- Born: March 9, 1900 Ridley Park, Pennsylvania U.S.
- Died: March 16, 1968 (aged 68) Corona del Mar, Newport Beach, California U.S.
- Years active: 1929-1960
- Spouse: Josephine Chippo

= Hugh McCollum =

American film producer (1900–1968)

Hugh McCollum (March 9, 1900 – March 16, 1968) was an American film producer best known for his credits on Three Stooges short subject comedies.

==Career==
McCollum was born in the Philadelphia suburb of Ridley Park, Pennsylvania. He attended the Episcopal Academy in Philadelphia and later matriculated at the University of Pennsylvania for one year. In 1929, McCollum was hired as a secretary to the Columbia Pictures head Harry Cohn. He gradually worked his way up the corporate ladder, and when the studio's short-subject department became successful enough to support two units, department head Jules White led the first unit, and Hugh McCollum was placed in charge of the second.
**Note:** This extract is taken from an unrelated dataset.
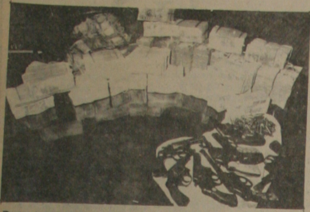
Do total desse dinheiro apreendido, parte dele sumiu no trajeto do local em que estava ao prédio da SSP.

==McCollum and Ed Bernds==
In 1945, McCollum gave Columbia sound engineer Edward Bernds an opportunity to write scripts for the shorts department, and then to direct. His first assignment in the director's chair was the Three Stooges film A Bird in the Head (1946). Bernds was excited at his big chance, but was shocked when he saw that popular Stooge Curly Howard was ill, having suffered several minor strokes prior to filming (something Jules White failed to mention to Bernds). Years later, Bernds discussed his trying experience during the filming of A Bird in the Head:

It was an awful tough deal for a novice rookie director to have a Curly who wasn't himself. I had seen Curly at his greatest and his work in this film was far from great. The wallpaper scene was agony to direct because of the physical movements required to roll up the wallpaper and to react when it curled up in him. It just didn't work. As a fledgling director, my plans were based on doing everything in one nice neat shot. But when I saw the scenes were not playing, I had to improvise and use other angles to make it play. It was the wallpaper scene that we shot first, and during the first two hours of filming, I became aware that we had a problem with Curly.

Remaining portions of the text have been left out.